## PROBLEM TO WORK ON
Word for word, reproduce the listing that follows, excluding any pictures it contains.

## SUPPLIED MATERIAL
....
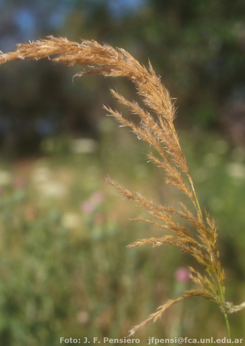 Plantas perennes, erectas, con rizomas cortos provistos de yemas con catafilos castaño-amarillentos a rojizos; cañas de 0,60-1,30 m de altura, nudos glabros, los inferiores mas aproximados; vainas glabras, pubescentes o escabrosas, mayores que los entrenudos; lígulas de 1-1,5 mm de largo, membranáceas, truncadas, borde brevemente laciniado; láminas planas de 8-30 cm x 3-10 mm, convolutas al secarse, glabras. Inflorescencia de 15-30 cm de largo, laxa, oblonga, contraída, decumbente, raquis glabro o escabriúsculo, ramificaciones inferiores hasta de 15 cm de largo, pedicelos escabrosos, menores que las espiguillas. Glumas de 5-6,5 mm de largo, linear-lanceoladas, acuminadas, 1-nervias, nervios escabrosos; lemma de 3,5-4 mm de largo, membranácea, escabrosa, 5-nervia, nervios visibles en toda su longitud, ápice truncado-denticulado, con una pequeña escotadura, arista de 1-5 mm de largo, geniculada, escabrosa, inserta en el tercio superior del dorso; pálea de 3-3,1 mm de largo, membranácea, 2-nervia, bicarinada, nervios escabrosos, ápice bífido; callo recurvado, piloso, los pelos sobrepasan al antecio; raquilla ca. ½ de la longitud del antecio, con pocos pelos en el ápice; lodículas 2, de 0,5-0,7 mm de largo, membranáceas; estambres 3, anteras de 0,5-0,7 mm de largo; ovario con dos estilos y estigmas plumosos; cariopsis fusiforme, comprimida lateralmente, generalmente de 2-3 mm de largo, hilo estrechamente elíptico, embrión de 0,4 mm de largo, endosperma blando, estigmas persistentes.
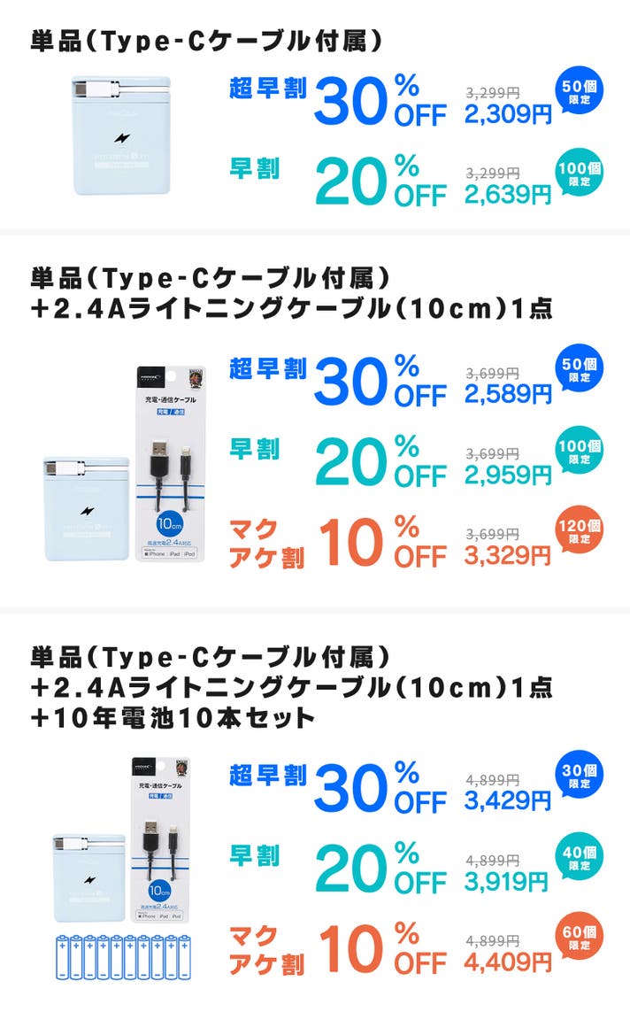 【早割20%OFF】本体(Type-Cケーブル付属)1点+ライトニングケーブル1点+10年電池10本セット
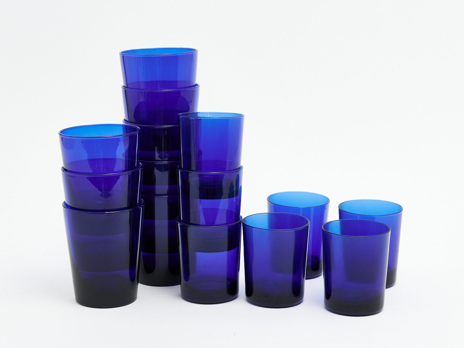 A GROUP OF BRISTOL BLUE GLASSES, SMALLER MARKED FRANCE REIMS, LARGER UNMARKED H.11CM (TALLEST), LEONARD JOEL LOCAL DELIVERY: MEDIUM
....
## FINISHED TASK
 Plantas perennes, erectas, con rizomas cortos provistos de yemas con catafilos castaño-amarillentos a rojizos; cañas de 0,60-1,30 m de altura, nudos glabros, los inferiores mas aproximados; vainas glabras, pubescentes o escabrosas, mayores que los entrenudos; lígulas de 1-1,5 mm de largo, membranáceas, truncadas, borde brevemente laciniado; láminas planas de 8-30 cm x 3-10 mm, convolutas al secarse, glabras. Inflorescencia de 15-30 cm de largo, laxa, oblonga, contraída, decumbente, raquis glabro o escabriúsculo, ramificaciones inferiores hasta de 15 cm de largo, pedicelos escabrosos, menores que las espiguillas. Glumas de 5-6,5 mm de largo, linear-lanceoladas, acuminadas, 1-nervias, nervios escabrosos; lemma de 3,5-4 mm de largo, membranácea, escabrosa, 5-nervia, nervios visibles en toda su longitud, ápice truncado-denticulado, con una pequeña escotadura, arista de 1-5 mm de largo, geniculada, escabrosa, inserta en el tercio superior del dorso; pálea de 3-3,1 mm de largo, membranácea, 2-nervia, bicarinada, nervios escabrosos, ápice bífido; callo recurvado, piloso, los pelos sobrepasan al antecio; raquilla ca. ½ de la longitud del antecio, con pocos pelos en el ápice; lodículas 2, de 0,5-0,7 mm de largo, membranáceas; estambres 3, anteras de 0,5-0,7 mm de largo; ovario con dos estilos y estigmas plumosos; cariopsis fusiforme, comprimida lateralmente, generalmente de 2-3 mm de largo, hilo estrechamente elíptico, embrión de 0,4 mm de largo, endosperma blando, estigmas persistentes.
 【早割20%OFF】本体(Type-Cケーブル付属)1点+ライトニングケーブル1点+10年電池10本セット
 A GROUP OF BRISTOL BLUE GLASSES, SMALLER MARKED FRANCE REIMS, LARGER UNMARKED H.11CM (TALLEST), LEONARD JOEL LOCAL DELIVERY: MEDIUM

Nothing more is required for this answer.